▸ PROBLEM
Each line below from the "体育大会のビデオを視聴しまし" line through the "- 65歳以上:28兆880" line, those two included, must be restated word for word; the pictures must not be.

▸ SOURCE DATA

● ● ● ● ●

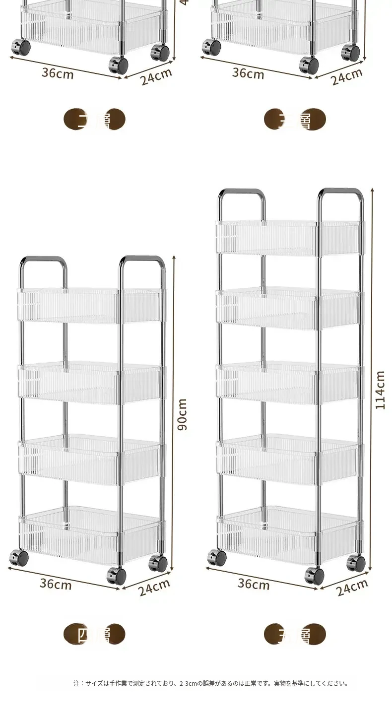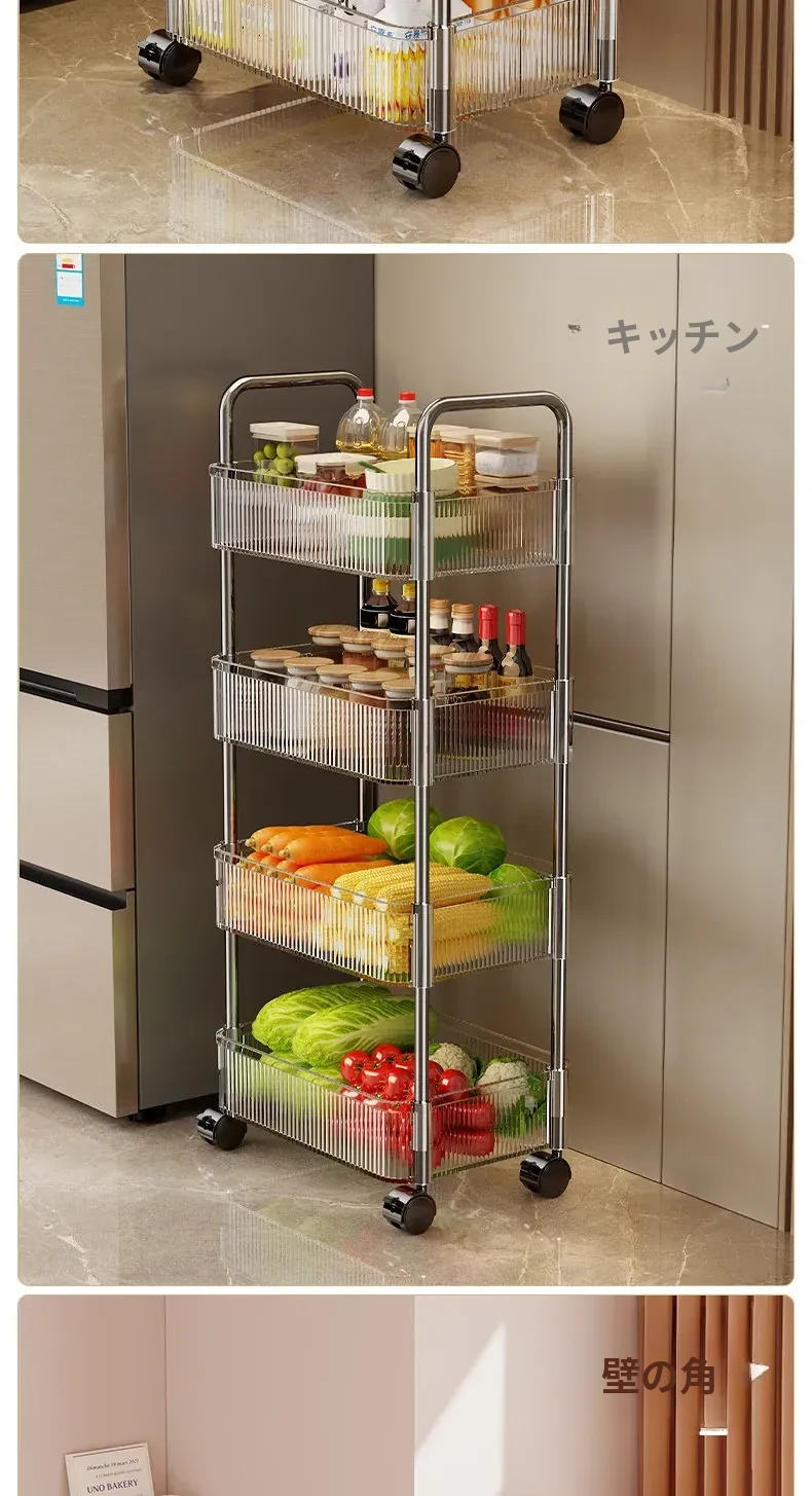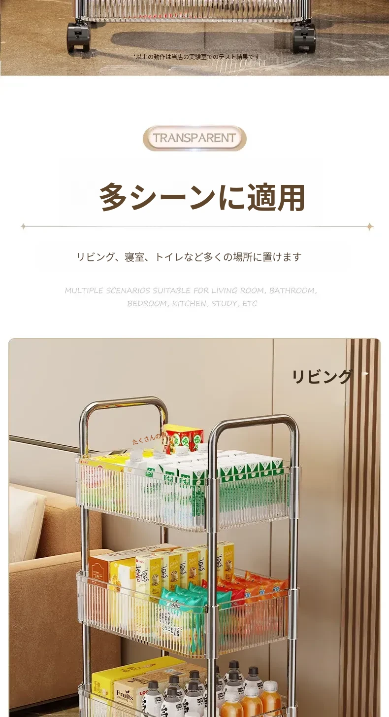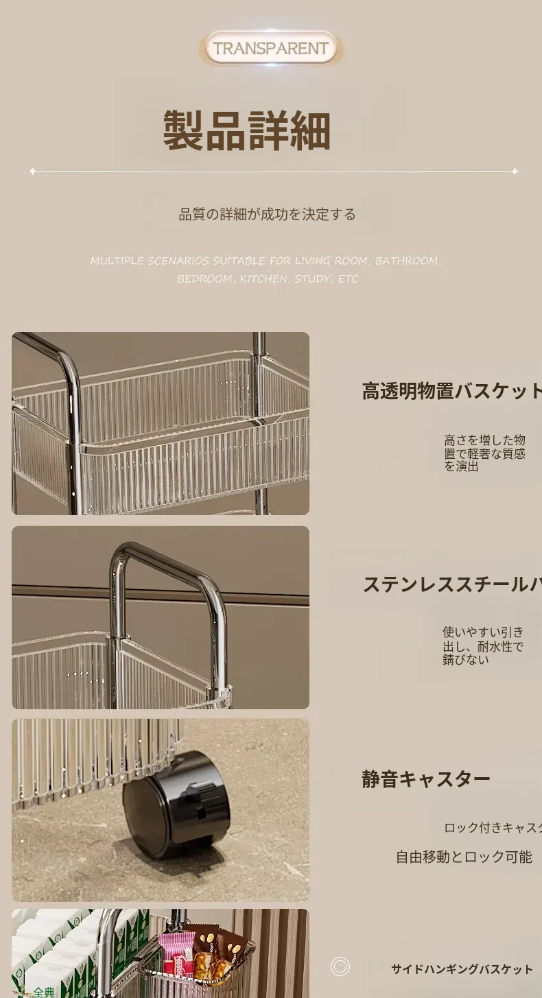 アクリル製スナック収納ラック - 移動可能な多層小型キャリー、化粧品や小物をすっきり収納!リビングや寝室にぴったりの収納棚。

● ● ● ● ●

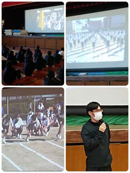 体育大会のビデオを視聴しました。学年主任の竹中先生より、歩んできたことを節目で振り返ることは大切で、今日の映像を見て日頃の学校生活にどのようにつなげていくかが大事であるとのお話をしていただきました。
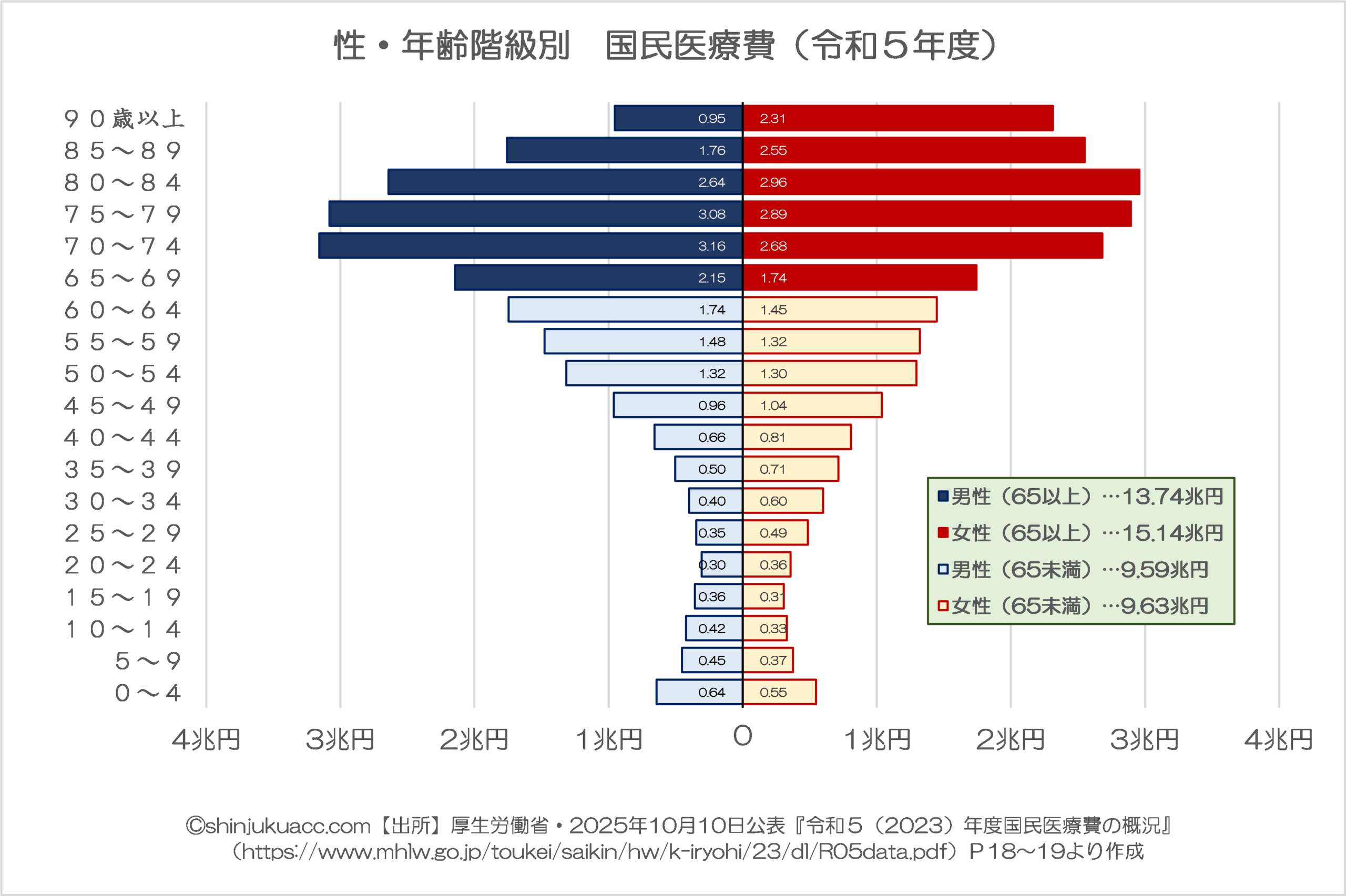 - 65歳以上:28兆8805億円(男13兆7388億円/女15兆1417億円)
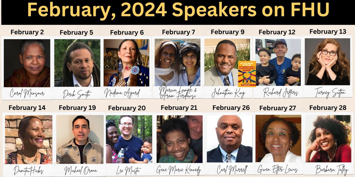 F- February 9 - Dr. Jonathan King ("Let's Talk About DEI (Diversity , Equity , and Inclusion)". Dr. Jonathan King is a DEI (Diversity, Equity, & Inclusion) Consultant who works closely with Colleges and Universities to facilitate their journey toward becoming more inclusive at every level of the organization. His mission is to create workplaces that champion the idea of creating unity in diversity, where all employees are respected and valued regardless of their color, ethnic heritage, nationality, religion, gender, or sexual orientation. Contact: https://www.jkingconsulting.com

● ● ● ● ●

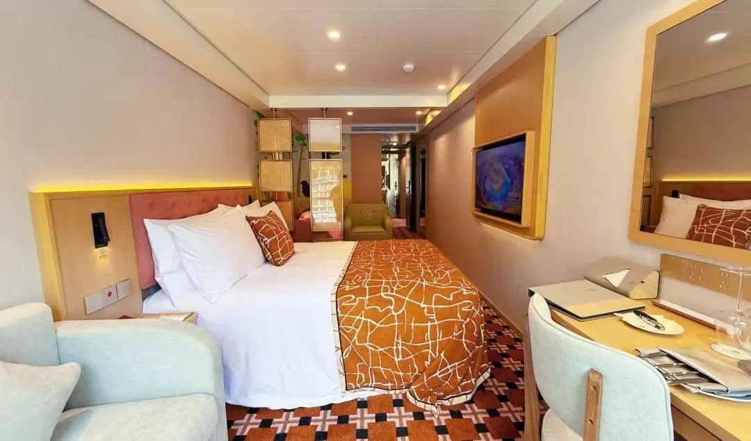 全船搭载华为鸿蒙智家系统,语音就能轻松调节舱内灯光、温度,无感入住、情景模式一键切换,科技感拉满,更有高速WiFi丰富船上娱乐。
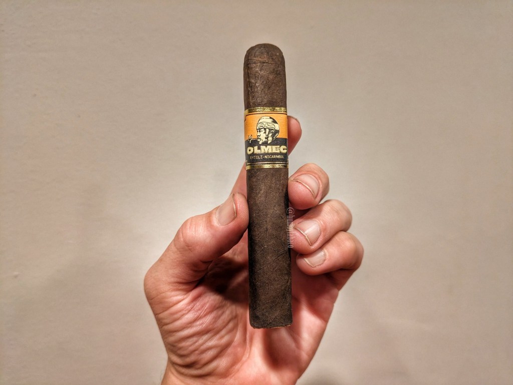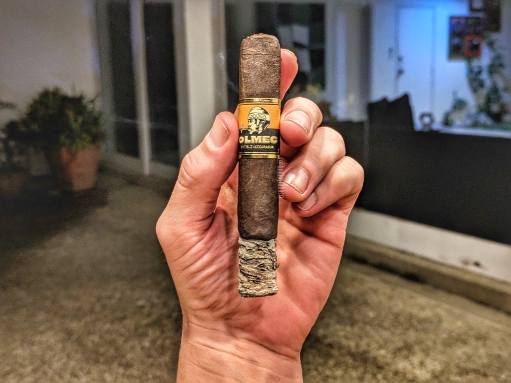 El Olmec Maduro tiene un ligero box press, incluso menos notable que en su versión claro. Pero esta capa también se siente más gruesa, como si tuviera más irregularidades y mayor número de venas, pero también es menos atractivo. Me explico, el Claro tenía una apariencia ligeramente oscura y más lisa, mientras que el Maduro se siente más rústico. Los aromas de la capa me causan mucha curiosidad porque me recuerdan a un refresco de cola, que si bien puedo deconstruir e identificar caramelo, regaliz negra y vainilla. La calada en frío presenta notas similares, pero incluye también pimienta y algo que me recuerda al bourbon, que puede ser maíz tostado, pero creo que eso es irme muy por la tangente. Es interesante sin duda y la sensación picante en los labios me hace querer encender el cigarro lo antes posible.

● ● ● ● ●

▸ WRITTEN SOLUTION
 体育大会のビデオを視聴しました。学年主任の竹中先生より、歩んできたことを節目で振り返ることは大切で、今日の映像を見て日頃の学校生活にどのようにつなげていくかが大事であるとのお話をしていただきました。
 - 65歳以上:28兆8805億円(男13兆7388億円/女15兆1417億円)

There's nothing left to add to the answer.